HTML 4.01 as an SGML application

The following message is a courtesy copy of an article
that has been posted to comp.text.sgml as well.

(Copy to the W3C HTML specification discussion)

roconnor@math.berkeley.edu (Russell O'Connor) writes in
comp.text.sgml, citing Peter Flynn, concerning the nature of the
relationship between HTML 4 and SGML:

> >Elsewhere, "application" can refer to executable software (as in "nsgmls
> >is a conforming application of SGML").
> 
> Isn't nsgmls an SGML system as in ``An SGML System Conforming to
> International Standard ISO 8879 -- Standard Generalized
> Markup Language'' (from <http://www.jclark.com/sp/index.htm>).

I think Peter's use of "elsewhere" means "outside of the world of
SGML terminology".

But, yes, SP/nsgmls is an SGML system, not an SGML application.

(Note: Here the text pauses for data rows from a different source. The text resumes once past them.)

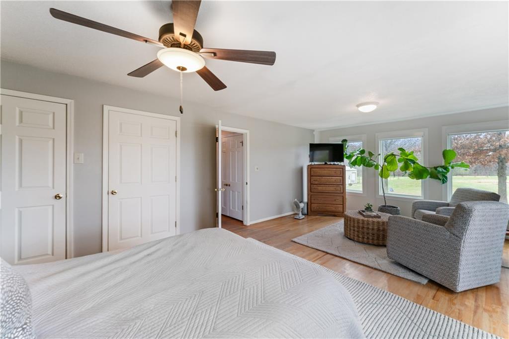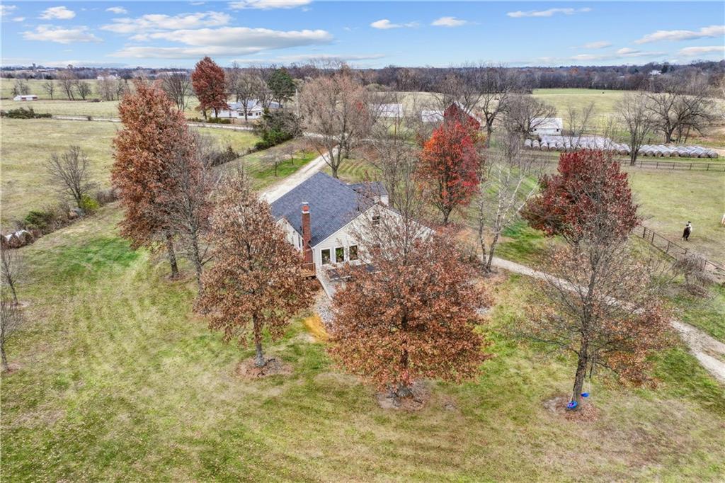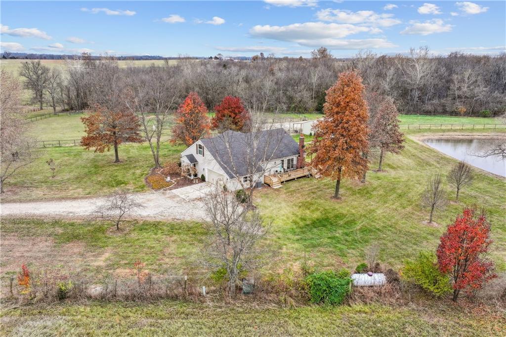 Just minutes from Overland Park and Louisburg, this 20-acre retreat offers unmatched privacy, incredible views, and a perfect blend of woods, pasture, and water. With ten acres of mature timber, ten acres of open pasture, a stocked, manicured pond, and Poney Creek running the full length of the property, it is the ideal blend of beauty and function. Horse ready and fully set up, the property includes horse safe fencing, cross fencing, a heated automatic waterer, three stalls with an attached run-in shed, a tack and storage room, plus water and electric in the barn. The home offers more than 3,100 square feet of comfortable, thoughtfully designed living space. Large windows and a brand-new deck capture sweeping views and daily wildlife. Inside, the great room is perfect for gatherings, and the kitchen is built for entertaining. Key updates give serious peace of mind. The home features 20 new thermal windows, a new sliding door, new gutters with guards, new composite siding with a 50-year transferable warranty, a one-year-old HVAC system, a one-year-old water heater, and a 5-year-old, 30-year roof. Follow the long private driveway to a property that feels secluded, peaceful, and truly special. This is a rare opportunity to live the outdoor lifestyle you want while staying close to the conveniences you need.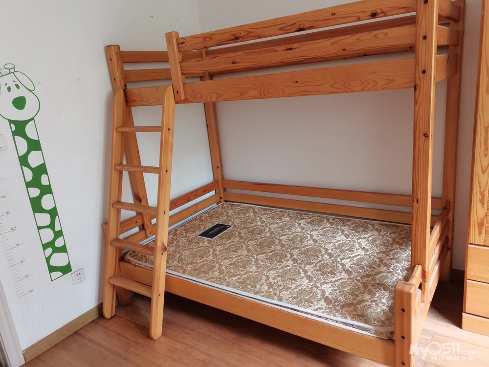 月星家居城买的品牌原木母子床,下铺1.35*2米,上铺1*2米,送配套棕垫。在恒美山庄1.5楼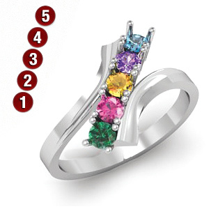 Adoring Child Ring with 5 simulated birthstones in 14kt white gold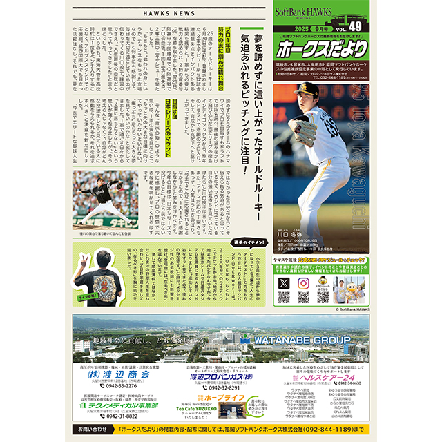 福岡市・糸島市、筑後市・久留米市・大牟田市と福岡ソフトバンクホークスの包括連携協定事業の一環として、『ホークスだより』を発行しています。 9月号の福岡市・糸島市版は川瀬晃選手、筑後市・久留米市・大牟田市版は川口冬弥投手を特集した内容でお届けします。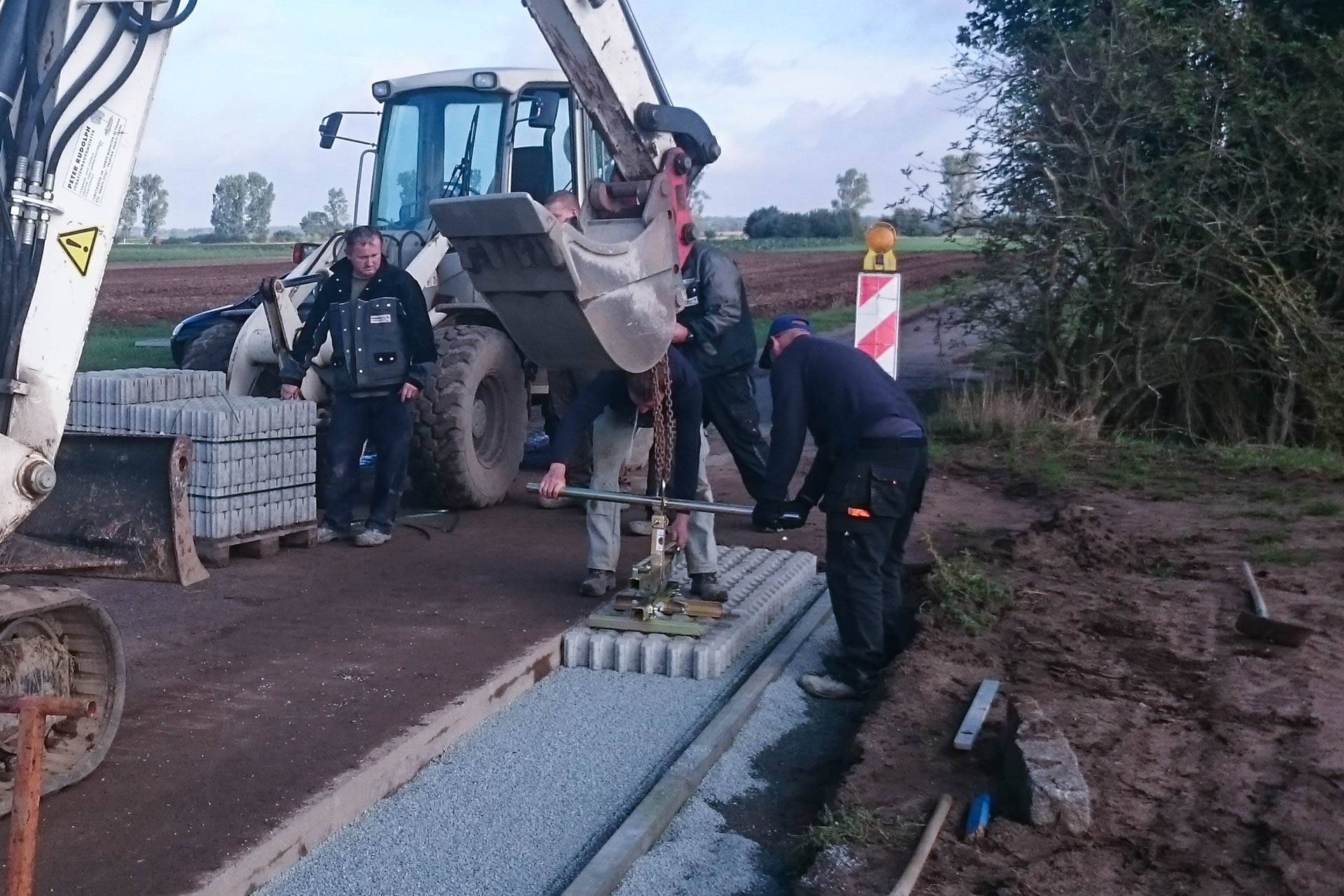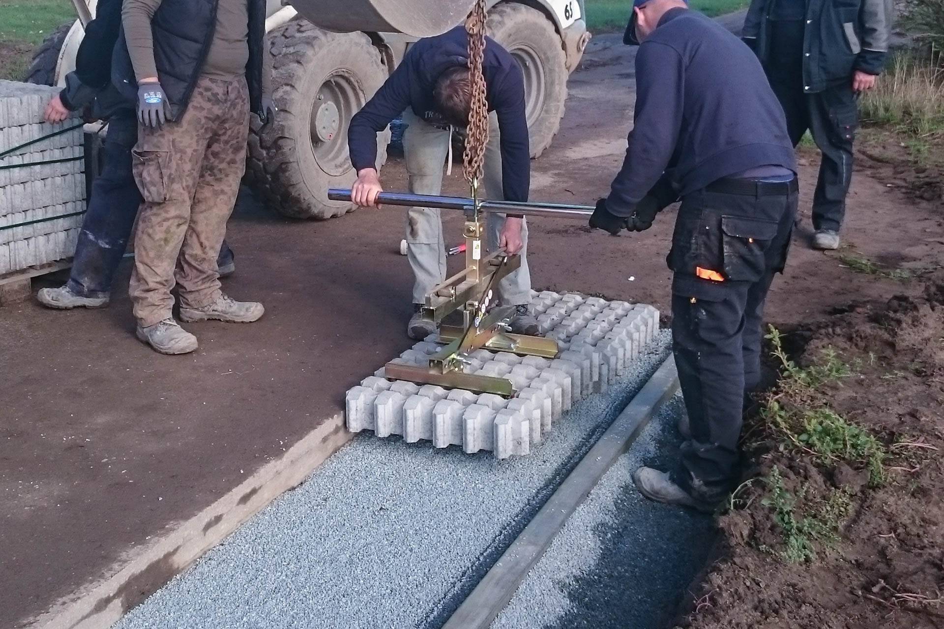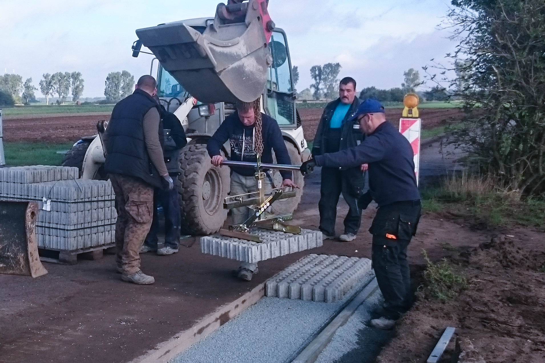 Bequem und einfach Platten verlegen auf großen Rädern. Einfacher Anbau von 2 FXAH-120 an Radsatz VPH-RS mit CB Traverse, 2 Adaptern und Bowdenzug zur Fernablöse. Verstellbare Arbeitsbreite von 200 mm bis 800 mm.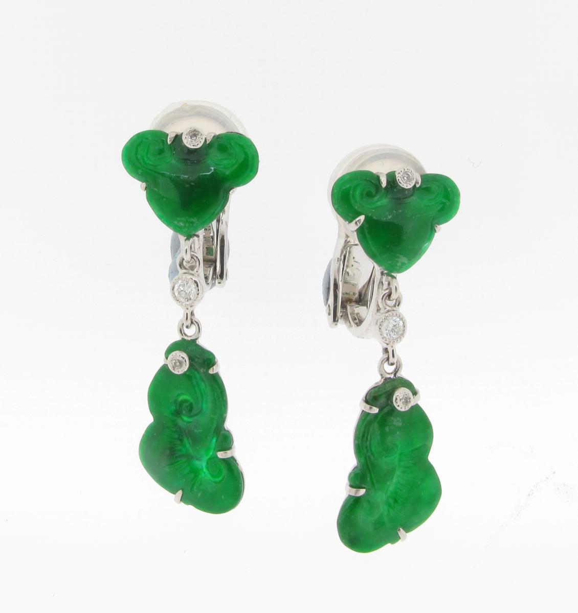 A pair of jade and diamond drop earrings, the carved jadeite sections are set with small circular cut diamonds in white gold.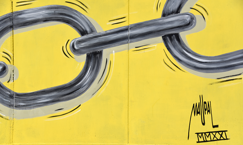 tedesco Mein Wandbild vermittelt eine leicht verständliche Botschaft, die sowohl die Aufmerksamkeit der Großen als auch der Kleinen auf sich zieht. Ich habe eine Kette geschaffen, die dann durch Zangen gebrochen wird und das ist eine Metapher für den Hass auf unsere kranke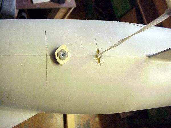 Wenn ihr wissen wollt, wie ich eine Einschlagmutter in ein Rohr einbaue, wo man von innen nicht mehr heran kommt? Hier der Trick mit einem Bindfaden. Es wird ein Spalt gefräst, wo man die in einem kleinen Stück Sperholz gefasste Einschlagmutter quer durchschieben kann. Zuvor wird durch die Mutter ein Bindfaden gesteckt, am anderen Ende ein dicker Knoten, mit dem die Mutter an die Innenwandung gezogen wird. Epoxy drauf, warten bis der Kleber angezogen hat, dann den Bindfaden abschneiden. Der durchgestoßene Knoten verbleibt im Rohr. Folgende Datei wurde angehängt: |

> I intended to use the word function in the mathematical sense.
> Actually perhaps using the word ``set'' would be better.  Here I was
> identifying the set with it's characteristic function.  Then I would
> want to say that this set has certain closure properties.

Does this refer to the question of whether the formal definition of an
SGML application in the language of SGML may be supplemented with
other means of semantic specification or with restrictions stated
outside of formal SGML language that pertain to application handling?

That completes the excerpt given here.